Probably the first issue people will have is the path to their version of 
Python. (Sigh.)

[1] repository - https://github.com/ericleasemorgan/HTRC-Workset-Browser

—
Eric “Git Ignorant” Morgan


Re: [CODE4LIB] hathitrust research center workset browser

2015-06-01 Thread davesgonechina
If your *institutional* email address is not on their whitelist (not sure
if it is limited to subscribing ones, they don't say) you cannot register
using the signup form, instead you can only request an account by briefly
explaining why you want one. Weird, because they'd have potentially learned
more about me if they just let me put my gmail address in the signup form.
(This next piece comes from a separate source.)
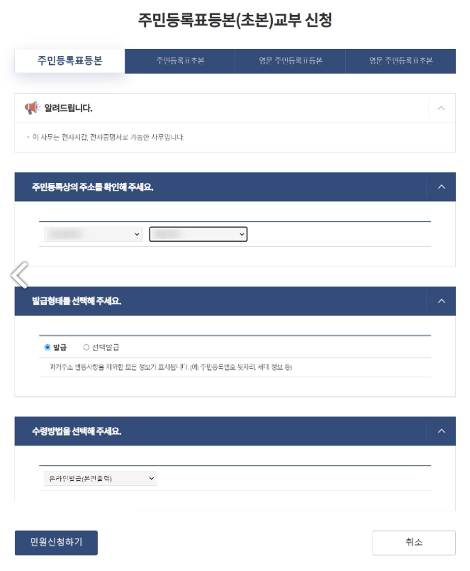 인증을 하고 접속하면 주민등록등본(초본)교부 신청서 화면으로 넘어갑니다. 이때 해당하는 시와 구를 선택한 후에 발급혈태를 발급으로 하고 온라인발급으로 수령방법을 선택한 후에 민원신청하기를 클릭하시면 됩니다.

I don't get it - can all users download public domain content? If they give
me an account, will I be indistinguishable from a subscribing institution?
If not, why the extra hoops?

On Fri, May 29, 2015 at 1:51 AM, Eric Lease Morgan emor...@nd.edu wrote:

 On May 27, 2015, at 6:33 PM, Karen Coyle li...@kcoyle.net wrote:

  In my copious spare time I have hacked together a thing I’m calling the
 HathiTrust Research Center Workset Browser, a (fledgling) tool for doing
 “distant reading” against corpora from the HathiTrust. [0, 1] ...
 
  'Want to give it a try? For a limited period of time, go to the
 HathiTrust Research Center Portal, create (refine or identify) a collection
 of personal interest, use the Algorithms tool to export the collection's
 rsync file, and send the file to me. I will feed the rsync file to the
 Browser, and then send you the URL pointing to the results.
 
  [0] introduction in a blog posting - http://ntrda.me/1FUGP2g
  [1] HTRC Workset Browser - http://bit.ly/workset-browser
 
  Eric, what happens if you access this from a non-HT institution? When I
 go to HT I am often unable to download public domain titles because they
 aren't available to members of the general public.
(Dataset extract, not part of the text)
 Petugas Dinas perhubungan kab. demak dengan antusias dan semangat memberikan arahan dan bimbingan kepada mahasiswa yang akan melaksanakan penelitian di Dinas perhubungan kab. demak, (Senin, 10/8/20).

 The short answer is, “Nothing”.

 The long answer is… longer. The HathiTrust proper is accessible to
 anybody, but the downloading of public domain content is only available to
 subscribing institutions.

 On the other hand, the “Workset Browser” is designed to work off the
 HathiTrust Research Center Portal, not the HathiTrust proper. The Portal is
 located at http://sharc.hathitrust.org From there anybody can search the
 collection of public domain content, create collections, and apply various
 algorithms against collections. One of the algorithms is “create RSYNC
 file” which, in turn, allows you to download bunches o’ metadata describing
 the items in your collection. (There is also a “download as MARC”
 algorithm.) This rsync file is the root of the Workset Browser. Feed the
 Browser a rsync file, and the Browser will mirror content locally, index
 it, and generate reports describing the collection.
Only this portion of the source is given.